Exercise description ::
Starting at the line that contains "- Tabanı için", reproduce only the lines through the end of the data, exactly, including both the first and the last; skip the pictures.

Data shown ::
▶
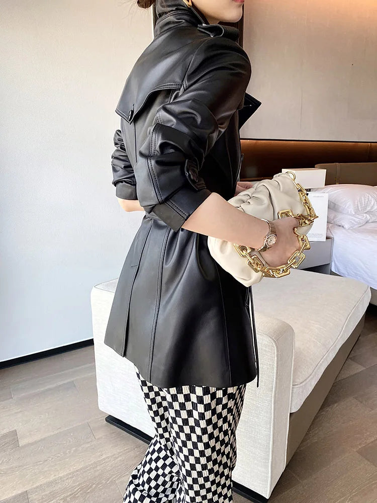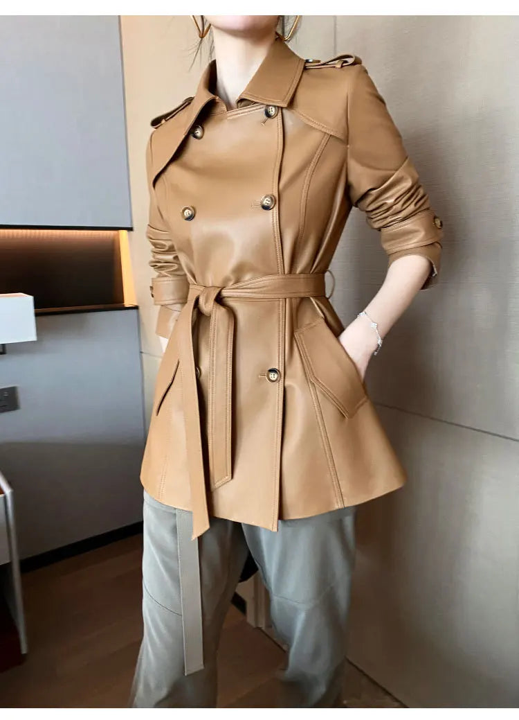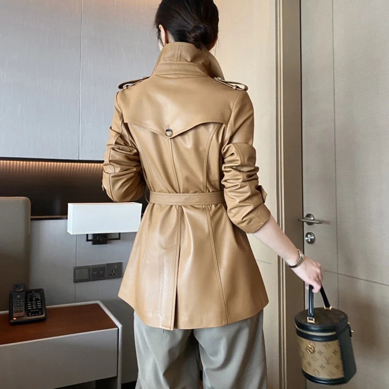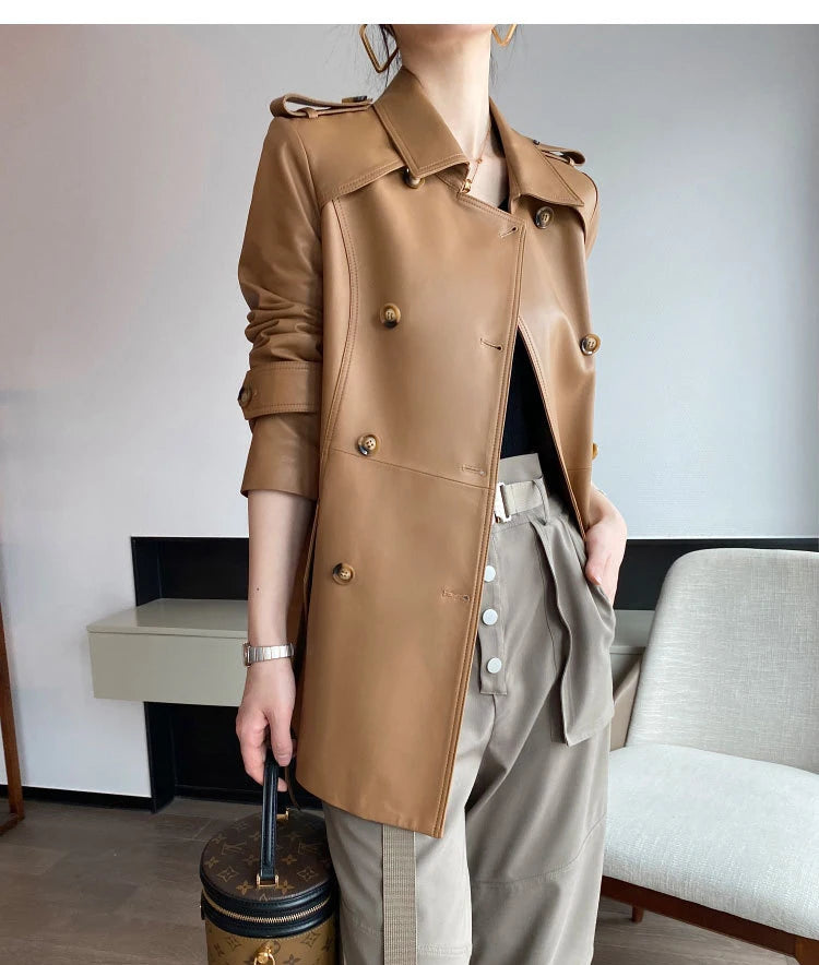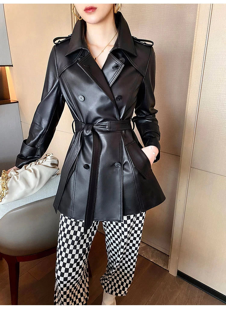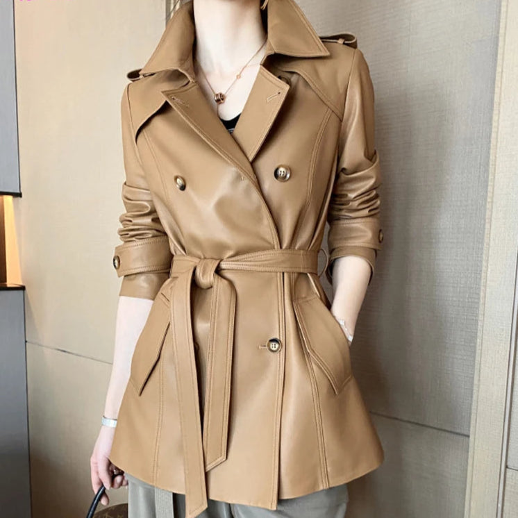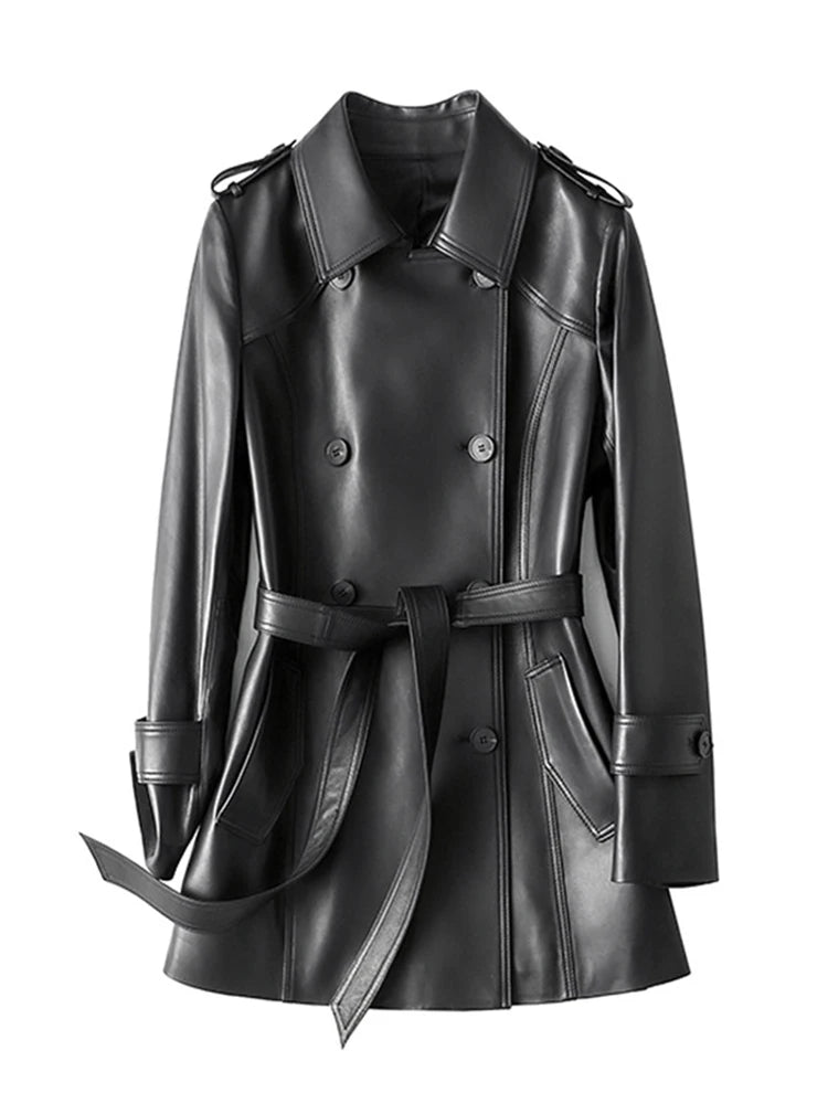 Lapel Double-Breasted Belt Waist-Closing Sheepskin Trench Coat for Women
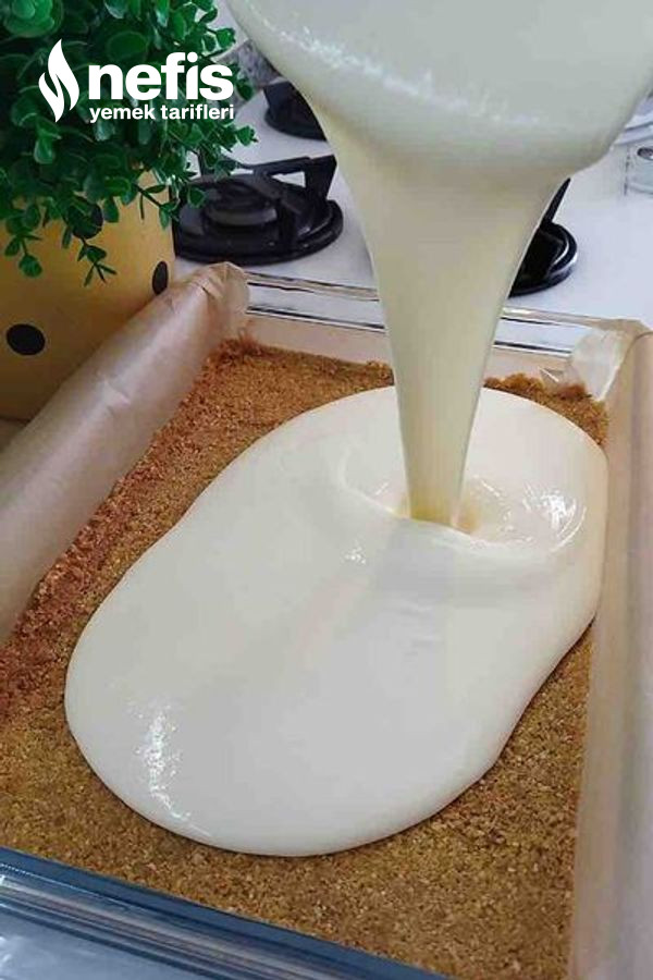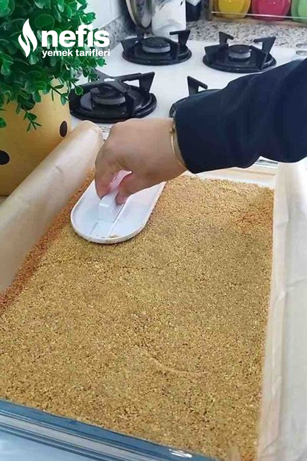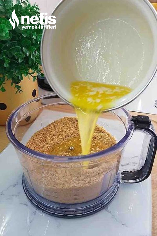 - Tabanı için bisküvileri ve fındığı rondodan çekin, üzerine eritilmiş tereyağı ekleyip karıştırın, sonra tabanına yağlı kağıt serilmiş dikdörtgen borcama aktarıp bastırın.
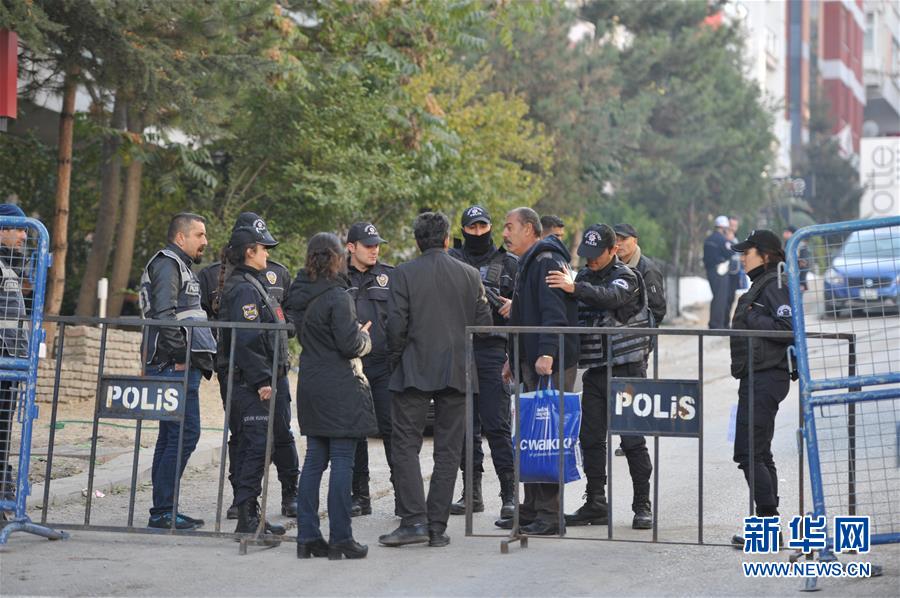 11月4日,在土耳其安卡拉,警察封鎖了人民民主黨總部周邊道路,并對來往人員進行盤查。
◀
Response ::
 - Tabanı için bisküvileri ve fındığı rondodan çekin, üzerine eritilmiş tereyağı ekleyip karıştırın, sonra tabanına yağlı kağıt serilmiş dikdörtgen borcama aktarıp bastırın.
 11月4日,在土耳其安卡拉,警察封鎖了人民民主黨總部周邊道路,并對來往人員進行盤查。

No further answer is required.